[[ Raw data open ]]
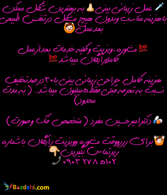 هزینه کامل جراحی زیبائی بینی با۳۰درصدتخفیف نسبت به تعرفه قبلی فقط۵میلیون میباشد.(به مدت محدود)
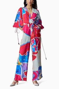 Featuring Jenny Ikat Overlap Jumpsuit by Saaksha & Kinni, this stylish jumpsuit showcases an Ikat-inspired print with an overlap design, detachable belt, and hand-embroidered sleeve tie-ups for a chic, modern look. Perfect for a bold, contemporary statement.
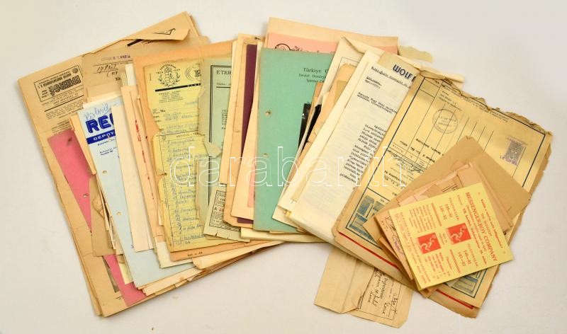 Nagy vegyes nyomtatvány és okmány tétel, közte számlák, reklám nyomtatványok, árjegyzék, italcímke
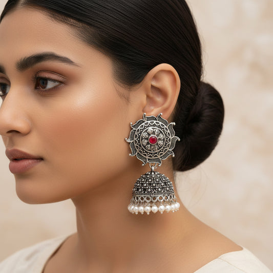 Sooraj radiance pearl jhumki earring (Dark Red)
[[ Raw data closed ]]
Task item. Print each line of the material above exactly, with the pictures removed from your copy.

Output of the exercise.
 هزینه کامل جراحی زیبائی بینی با۳۰درصدتخفیف نسبت به تعرفه قبلی فقط۵میلیون میباشد.(به مدت محدود)
 Featuring Jenny Ikat Overlap Jumpsuit by Saaksha & Kinni, this stylish jumpsuit showcases an Ikat-inspired print with an overlap design, detachable belt, and hand-embroidered sleeve tie-ups for a chic, modern look. Perfect for a bold, contemporary statement.
 Nagy vegyes nyomtatvány és okmány tétel, közte számlák, reklám nyomtatványok, árjegyzék, italcímke
 Sooraj radiance pearl jhumki earring (Dark Red)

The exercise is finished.